At least six people are reported dead after Israeli Prime Minister Benjamin Netanyahu instructed the Israeli army to begin a ground invasion of the Gaza Strip, following failed peace talks.
Israel has invaded Gaza, for the first time since 2009, to find and destroy tunnels being used by Hamas militants to infiltrate its territory, according to the New York Times.
Israel launched Operation Protective Edge on July 8 to stamp out rocket attacks from Gaza and the army said the new operation would include ground and air assaults.
After peace talks faltered, that were supposed to be brokered by Egypt, the ground assault began following a five-hour truce and more than 10 days of air strikes and fighting.
Our goal is to target Hamas’ tunnels that enable terrorists to infiltrate Israel and carry out attacks. This requires precise operations.

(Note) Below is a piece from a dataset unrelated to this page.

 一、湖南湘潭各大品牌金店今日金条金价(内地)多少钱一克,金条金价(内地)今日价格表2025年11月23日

— IDF (@IDFSpokesperson) July 17, 2014
A rocket fired from Gaza hit southern Israel exactly as the UN-requested five-hour lull ended at 3pm local time (10am Thursday AEST), and the military resumed its air strikes on the besieged Palestinian territory, killing three children in a strike in the heart of Gaza City, according to medics.

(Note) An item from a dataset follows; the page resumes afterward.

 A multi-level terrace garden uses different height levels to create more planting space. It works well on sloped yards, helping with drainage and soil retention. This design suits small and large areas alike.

The Israeli Defence Force released a statement on Thursday night (local time) saying that the goal of the invasion was to protect its citizens and destroy Hamas, the Islamist movement which has a stronghold in Gaza.

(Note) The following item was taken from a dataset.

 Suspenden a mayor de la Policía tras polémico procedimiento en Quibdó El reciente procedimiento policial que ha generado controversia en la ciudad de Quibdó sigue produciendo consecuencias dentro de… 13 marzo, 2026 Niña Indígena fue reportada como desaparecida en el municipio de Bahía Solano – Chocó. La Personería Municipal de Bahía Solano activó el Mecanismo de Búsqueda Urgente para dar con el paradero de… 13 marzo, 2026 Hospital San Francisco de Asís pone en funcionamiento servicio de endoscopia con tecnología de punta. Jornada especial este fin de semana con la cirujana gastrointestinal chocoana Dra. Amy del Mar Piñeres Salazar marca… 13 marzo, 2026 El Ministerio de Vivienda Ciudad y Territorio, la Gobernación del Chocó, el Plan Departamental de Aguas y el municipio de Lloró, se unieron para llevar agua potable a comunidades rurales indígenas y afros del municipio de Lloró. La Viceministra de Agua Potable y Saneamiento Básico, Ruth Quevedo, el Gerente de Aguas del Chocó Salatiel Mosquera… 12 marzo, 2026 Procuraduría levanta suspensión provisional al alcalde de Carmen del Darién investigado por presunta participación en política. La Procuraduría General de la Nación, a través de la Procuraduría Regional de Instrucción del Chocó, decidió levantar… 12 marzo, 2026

“Following 10 days of Hamas attacks by land, air and sea, and after repeated rejections of offers to de-escalate the situation, the Israel Defence Forces (army) has initiated a ground operation within the Gaza Strip,” an Israeli spokesman said in a statement.
At least 240 Palestinians have been killed in Israeli air strikes since July 8, many of them children, medics in Gaza said, with a NGO based in the coastal enclave saying 80 per cent of the deaths were civilians.
Hamas said Israel’s fresh attack was a “foolish” move that would have “dreadful consequences”, The Guardian reports.
In an effort to protect its territory and citizens, Israeli military called up an extra 18,000 reservists this morning (AEST), to take the troop numbers at the Gaza Strip to 60,000.
The IDF defended the ground assault, saying it had prevented “a mass terrorist attack against Israeli civilians” from the Palestinian tunnels.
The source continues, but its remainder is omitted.